That's very funny. I mean it. I immediately forwarded it to my wife and other dear ones. You quite right, by the way, that Heyerdahl (Norwegian) is a source of inspiration. With his raft Kon-Tiki he tried to make a point about a pre-historic migration from South America to Polynesia. I want to make a point about a migration, an Exodus, really, that is happening right now, and very close to home.


----------



## fmooy (Jul 5, 2007)

Hey geertvanderkolk,

Congrats on coming to Haiti. I'm living in Port-au-Prince right now, but I will be heading back to my other home in New Orleans soon. I dig it here and I am glad you had such a good experience. I have been living in Haiti off and on for some years now, but I've never come by boat! Anyway, if you ever need a fluent Haitian Creole speaking crew member, be sure to let me know.

Your Friend


----------



## geertvanderkolk (Jul 19, 2007)

fmooy said:


> I'm living in Port-au-Prince right now, but I will be heading back to my other home in New Orleans soon. I dig it here and I am glad you had such a good experience. I have been living in Haiti off and on for some years now, but I've never come by boat! Anyway, if you ever need a fluent Haitian Creole speaking crew member, be sure to let me know.
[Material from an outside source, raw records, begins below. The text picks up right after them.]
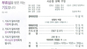 1월 넷째주일 교회소식
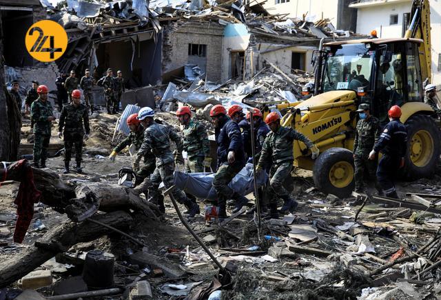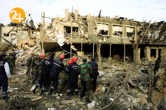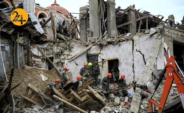 با این حال شنبه شب خبرگزاری اسپوتینک از شنیده شدن دو صدای انفجار در شهر خانکندی/استپاناکرت پایتخت منطقه قرهباغ خبر داد. در تصاویر روز عکس هایی که پس از آتش بس میان ایروان و باکو در حالیکه نیروهای امدادی و مردم برای نجات جان هموطنانشان بسیج شده اند که آنها را از زیر آوارهایی که مورد اصابت راکتهای جنگی قرار گرفته اند را نجات دهند.
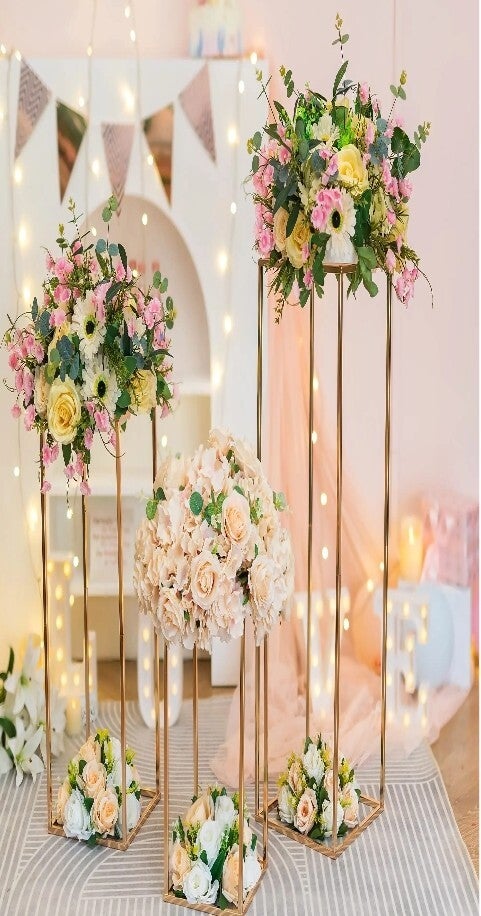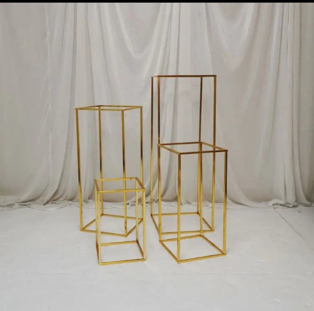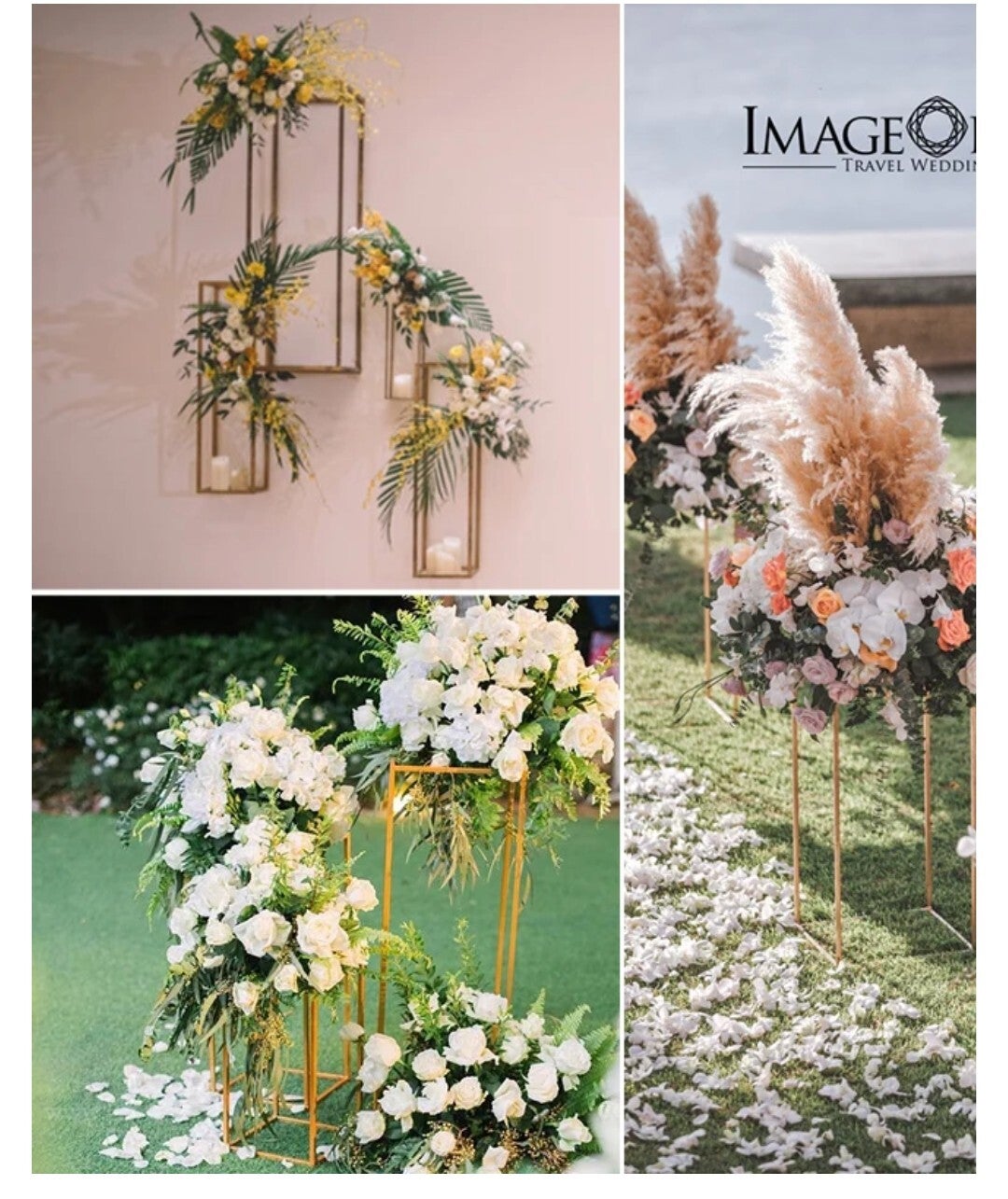 Rectangle Metal Gold Frame Flower Stand Centerpiece

That sounds interesting. Thank you very much for posting! Needless to say, I'd be delighted to work with somebody who is a sailor, knows Haiti, and speaks creole (I had to make do with French). Please email me directly ([email protected]) so we don't clog up the forum.


----------



## cj007 (Apr 7, 2011)

*returning to Haiti?...*

If you plan to go again, please let me know. I can offer a few sets of good hands. I'm gonna live aboard this year and will consider it myself maybe later this summer or next year.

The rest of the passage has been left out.